Christmas Countdown 2021 Day 18 <3
Meet Nell.
My mom.
While I tended to wear basic black when tending to our children’s Christmas parties so as not to look conforming nor gaudy…my mom had a collection of holiday socks that she wore over her nylons from Thanksgiving onward to Christmas Day.
The infamous hand crocheted vest served her well for both Christmas and St. Patty’s Day and yes…she had a few shamrock socks for that occasion..and Halloween…and thankfully she could mix things up with her red crocheted vest for Valentines Day and when the Louisville Cardinals…St. Louis cardinals and Cincinnati Reds had a game.
She loved all things holiday.
She crafted before Pinterest was even a glint in the grandparent’s eye of some mogul of social media.

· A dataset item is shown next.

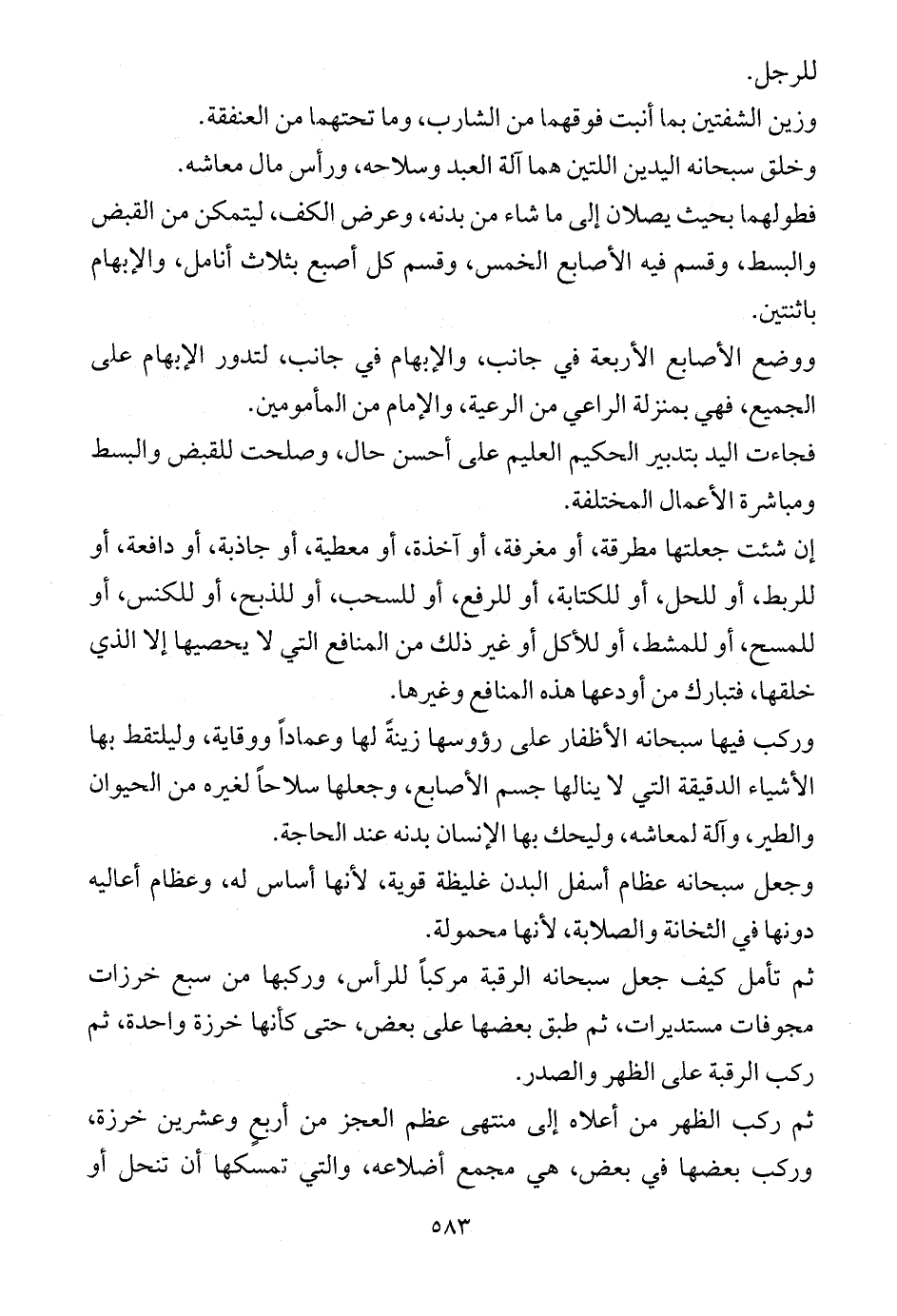 فطولهما بحيث يصلان إلى ما شاء من بدنه، وعرض الكف، ليتمكن من القبض والبسط، وقسم فيه الأصابع الخمس، وقسم كل أصبع بثلاث أنامل، والإبهام باثنتين.

With construction paper and rubber cement and a stack of black and white prints of our family’s picture that year, she made an enormous amount of cards to send at our kitchen table.
My sister and I had matching white felt circle skirts that she made appliqués for both Christmas and Valentine’s Day. She would stitch them on and then remove them. As we grew, new circle skirts would be cut to size.
Proof….
I read a meme this year that said,
“It turns out all the Christmas magic from
my childhood was really just a mom
who loved me so much.”
unknown
That was my mom.
All the decorations, baking, special meals, staying up late sewing a gift, wrapping…all of it was her love expressed through her hands of service.
She came to live in our town when my dad’s Alzheimers nearly took her out in 2003. Like so many, they had not realized how bad he was and how much it was taking out of her as she cared for him and her sister who had dementia.
Broken mentally, physically and emotionally we brought her here along with my very confused and angry father and my very confused and docile aunt.
The one who could talk for an hour without taking a breath.
Dementia did not put a damper on her gift.
As my mother slowly recovered and the reality that we would have to be moving them into facilities here in our area sunk in, she whispered to me she realized she had left me with a mess and she was sorry, but good luck with that.
Thus began a process of closing out two houses long distance, navigating health care for three seniors and bringing a complete overhaul to our family of five.
Thankfully mom could live independently and we got her a place at a lovely home for seniors, while I moved my dad and aunt into various facilities and dealt with both nursing homes and teens at home.
My mom made friends like crazy, helped the staff set the tables and clear for their meals in the lovely dining room, found a church she liked and started working in the office to help with newsletter printing and distribution.
God mended a kind of dysfunctional mother-daughter relationship and gave me five years with a mom I had never had.
So yeah.
We hang this photograph on the tree to remember her spunky little self and our kind and loving God who redeems what is broken in this world.